Only the lines from the opening of the material through the line bearing "Autor y lugar" should be reproduced, exactly and without pictures.
§ §
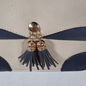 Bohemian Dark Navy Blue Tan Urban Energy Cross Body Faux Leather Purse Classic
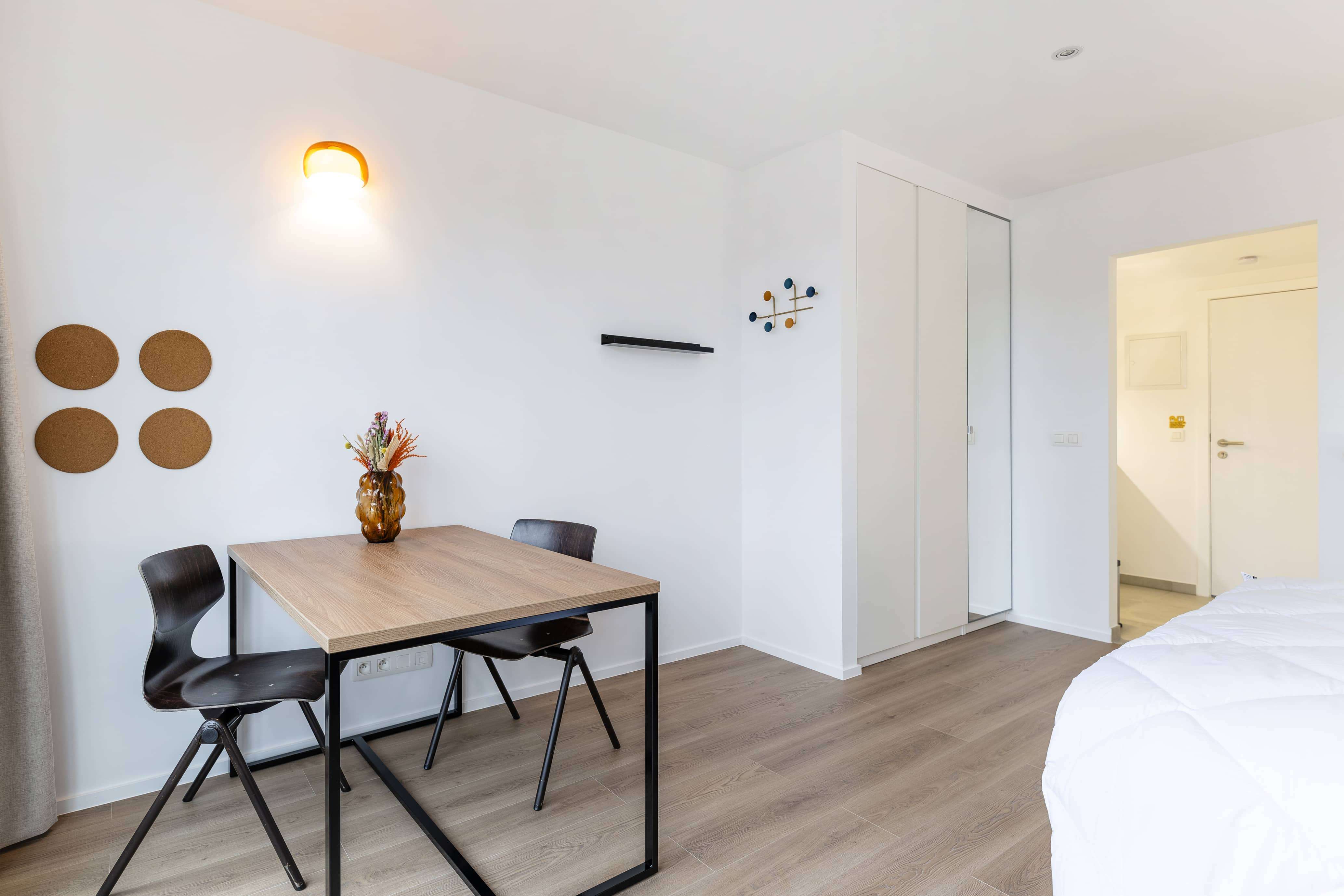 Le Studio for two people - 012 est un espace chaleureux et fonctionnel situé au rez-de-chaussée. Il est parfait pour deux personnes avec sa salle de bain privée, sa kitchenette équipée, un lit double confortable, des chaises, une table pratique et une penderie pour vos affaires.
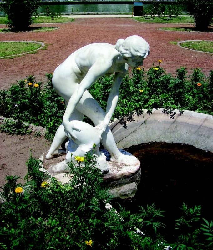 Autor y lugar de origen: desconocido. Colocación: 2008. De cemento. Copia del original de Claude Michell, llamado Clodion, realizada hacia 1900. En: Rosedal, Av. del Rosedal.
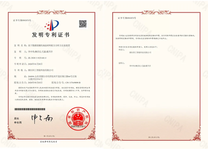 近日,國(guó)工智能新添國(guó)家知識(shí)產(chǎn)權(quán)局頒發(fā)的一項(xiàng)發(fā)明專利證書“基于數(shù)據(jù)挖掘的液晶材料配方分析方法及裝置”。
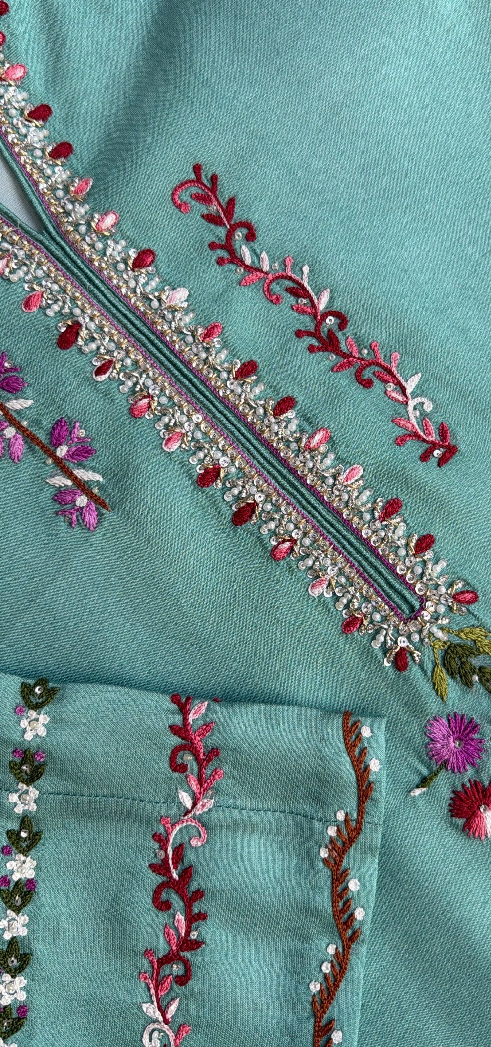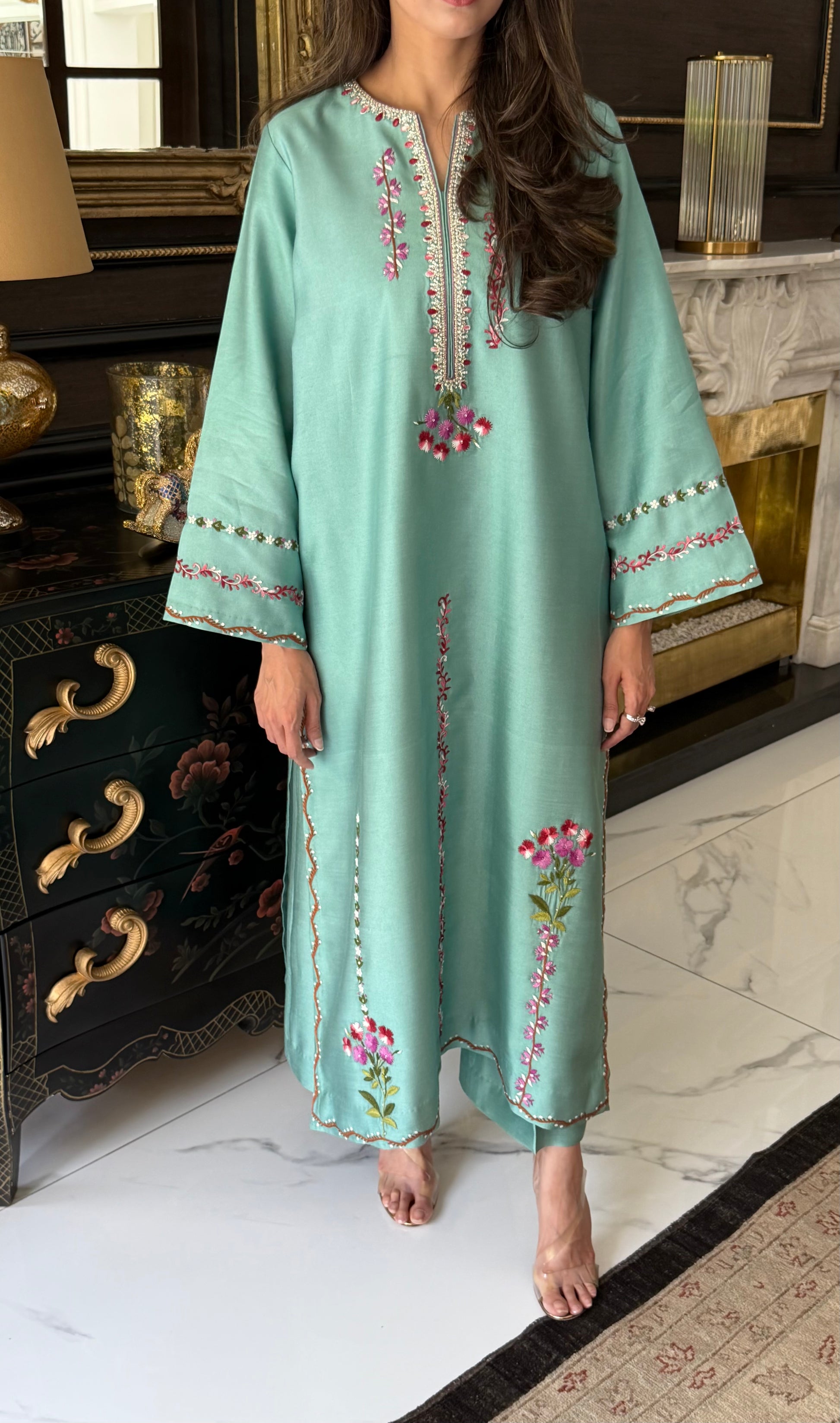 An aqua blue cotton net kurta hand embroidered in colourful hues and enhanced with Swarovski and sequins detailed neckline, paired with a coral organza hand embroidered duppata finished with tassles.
§ §
*Worked solution*:
 Bohemian Dark Navy Blue Tan Urban Energy Cross Body Faux Leather Purse Classic
 Le Studio for two people - 012 est un espace chaleureux et fonctionnel situé au rez-de-chaussée. Il est parfait pour deux personnes avec sa salle de bain privée, sa kitchenette équipée, un lit double confortable, des chaises, une table pratique et une penderie pour vos affaires.
 Autor y lugar de origen: desconocido. Colocación: 2008. De cemento. Copia del original de Claude Michell, llamado Clodion, realizada hacia 1900. En: Rosedal, Av. del Rosedal.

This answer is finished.